Faults occur where there is stress between plates, and if there is no stress there is no cause to expect faults occurring.
Again I direct you to:
Message 821: This is an interactive map of Quaternary earthquakes in the US:
Different colors represent different ages ...
Look at the Great Plains area -- N.Dakota, S.Dakota, Minnesota, Iowa, Nebraska -- an area much larger than the Colorado Plateau ... no fault zones
Zoom in on the Colorado Plateau & Grand Canyon ... many fault zones
The Great Plains would represent sedimentary deposition and large flat geography very similar to the layers of sedimentary deposits in the Colorado Plateau -- before uplift and tectonic stress build-up. ...
That much larger area has no fault lines and that means no disturbances in over 1.6 million years.
... The supposed placidity lasted some 750 million years, only to be suddenly brought to an end ...
And questions you need to answer is first is where 750 million years comes from and second what were the tectonic stresses during those years ... provide evidence that there was stress but no activity and you would have a conundrum.
But there is another issue here, which revolves again around your concept of "huge disturbances" and what qualifies.
The fault lines in the area of the Grand Canyon are shown on this map
And from the USGS map we know that some were <15,000 years ago (yellow), some were 15,000 to <130,000 years ago (green), some were 130,000 to <750,000 years ago (blue), and some were 750,000 to <1,600,000 years ago, and many of the younger colored ones show the recentest occurrence age rather than their oldest occurrence age.
... only to be suddenly brought to an end by all that tectonic and volcanic activity seen in the uplift over the canyon area, the cutting of the canyon into it, the stairs and canyons of the Grand Staircase to the north as well as the uplift there, and the magma dike at the end of the staircase that penetrates through all the strata to the very top where it's created a lava field, and the Hurricane fault that created the angular unconformity to the north of it, and so on.

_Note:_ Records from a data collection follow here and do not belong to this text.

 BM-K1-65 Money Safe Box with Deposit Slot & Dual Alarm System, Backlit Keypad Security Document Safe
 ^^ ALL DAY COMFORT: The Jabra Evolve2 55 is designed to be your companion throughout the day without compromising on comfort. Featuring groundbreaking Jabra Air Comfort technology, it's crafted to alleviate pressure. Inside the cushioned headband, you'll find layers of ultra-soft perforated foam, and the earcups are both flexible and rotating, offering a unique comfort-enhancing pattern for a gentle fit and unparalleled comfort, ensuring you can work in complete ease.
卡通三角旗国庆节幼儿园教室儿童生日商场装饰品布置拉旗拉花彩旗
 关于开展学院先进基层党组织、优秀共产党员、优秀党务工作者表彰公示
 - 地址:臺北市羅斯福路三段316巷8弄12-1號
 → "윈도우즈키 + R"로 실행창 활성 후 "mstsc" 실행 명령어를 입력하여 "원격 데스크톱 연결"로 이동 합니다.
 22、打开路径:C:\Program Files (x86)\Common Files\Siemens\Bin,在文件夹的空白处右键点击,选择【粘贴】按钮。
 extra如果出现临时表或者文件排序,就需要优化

All of which occurred over a long period of some 40 million to 70 million years for the canyon to form (depending on which study you pick) or longer (possible pre-canyon activity).
That doesn't seem to me to be a "sudden" occurrence at all, especially as a good part of it could have occurred well before then ... like the faults that recur along older fault lines, but I'm no expert here.
One of the issues for whether they would "qualify" for your disturbances is whether they can be observed across the canyon ... so if all the faults are side-slip faults with no change in elevation then they could move "huge" amounts but not meet your qualification for observation.
Likewise lack of observability does not mean that this did not happen. I just don't have the data to tell, nor do I feel I need to dig it out at this point because it's your argument to support not mine.
Of course there is also the activity that can be seen beneath the canyon as well, the Great Unconformity, the magma intrusions and so on, which are usually understood to have occurred BEFORE all the strata were laid down, long long long before. I rather think they occurred at the same time as those that clearly occurred afterward but either way you've got a lot of tectonic and volcanic activity in the region that supposedly DIDN'T happen at ALL for at least 750 million years.
Curiously 750 million years of placid deposition in the environmental conditions for the deposition of the sedimentary layers does not disturb me, but I don't think your numbers add up (wiki):
quote:
The major geologic exposures in the Grand Canyon range in age from the 2-billion-year-old Vishnu Schist at the bottom of the Inner Gorge to the 230M-year-old Kaibab Limestone on the Rim. There is a gap of about a billion years between the 500M-year-old stratum and the level below it, which dates to about 1.5 billion years ago. This large unconformity indicates a period of erosion between two periods of deposition.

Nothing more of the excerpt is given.